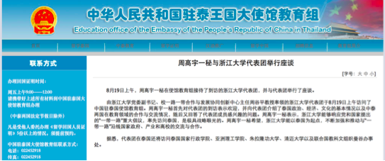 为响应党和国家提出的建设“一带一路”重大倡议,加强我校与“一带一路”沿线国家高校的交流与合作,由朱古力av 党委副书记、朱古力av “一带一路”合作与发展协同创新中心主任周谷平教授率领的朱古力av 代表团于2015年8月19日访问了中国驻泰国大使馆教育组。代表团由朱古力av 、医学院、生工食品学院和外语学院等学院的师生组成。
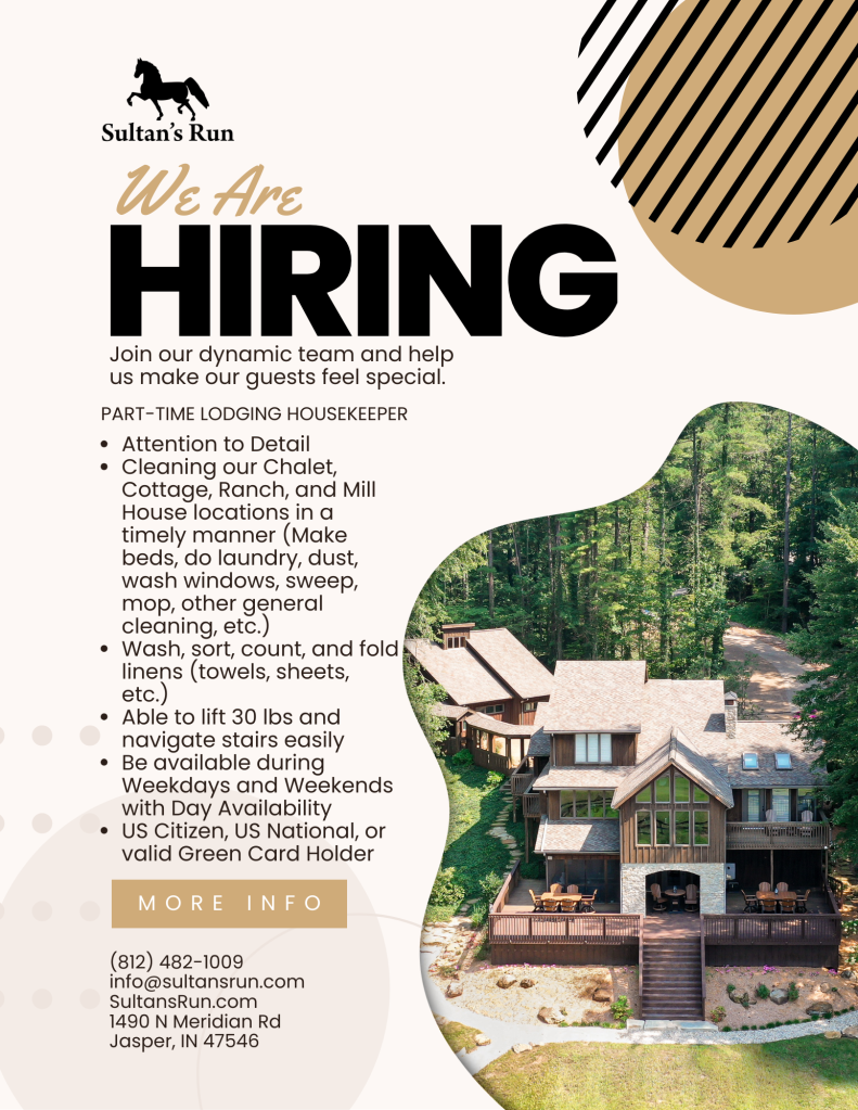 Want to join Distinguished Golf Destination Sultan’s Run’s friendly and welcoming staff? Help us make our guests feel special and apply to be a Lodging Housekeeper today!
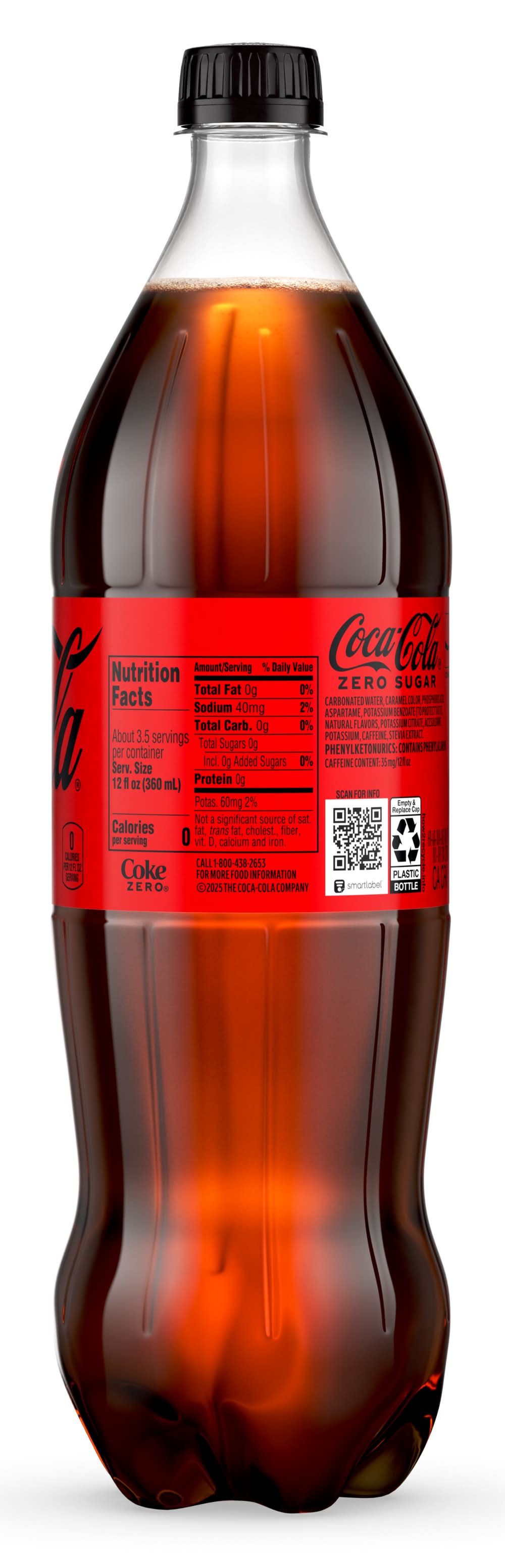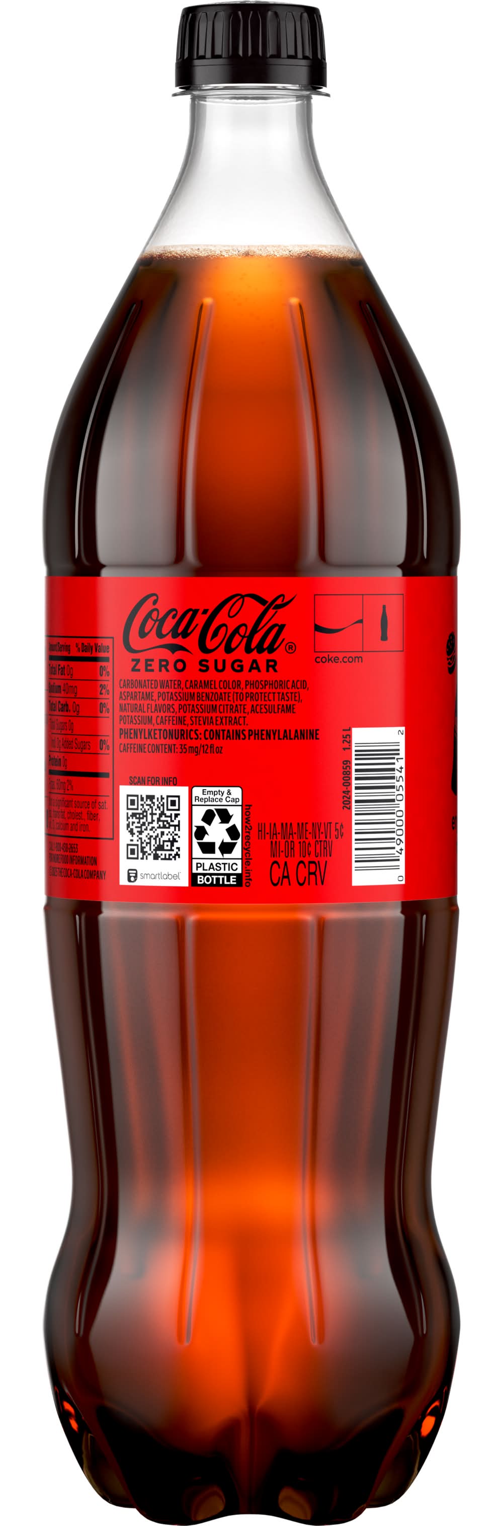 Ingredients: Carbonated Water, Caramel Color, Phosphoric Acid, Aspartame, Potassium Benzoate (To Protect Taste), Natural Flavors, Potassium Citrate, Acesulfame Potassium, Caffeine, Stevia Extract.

───

Down to the last line, print the material exactly, but not its pictures.

• **Reply**:
 为响应党和国家提出的建设“一带一路”重大倡议,加强我校与“一带一路”沿线国家高校的交流与合作,由朱古力av 党委副书记、朱古力av “一带一路”合作与发展协同创新中心主任周谷平教授率领的朱古力av 代表团于2015年8月19日访问了中国驻泰国大使馆教育组。代表团由朱古力av 、医学院、生工食品学院和外语学院等学院的师生组成。
 Want to join Distinguished Golf Destination Sultan’s Run’s friendly and welcoming staff? Help us make our guests feel special and apply to be a Lodging Housekeeper today!
 Ingredients: Carbonated Water, Caramel Color, Phosphoric Acid, Aspartame, Potassium Benzoate (To Protect Taste), Natural Flavors, Potassium Citrate, Acesulfame Potassium, Caffeine, Stevia Extract.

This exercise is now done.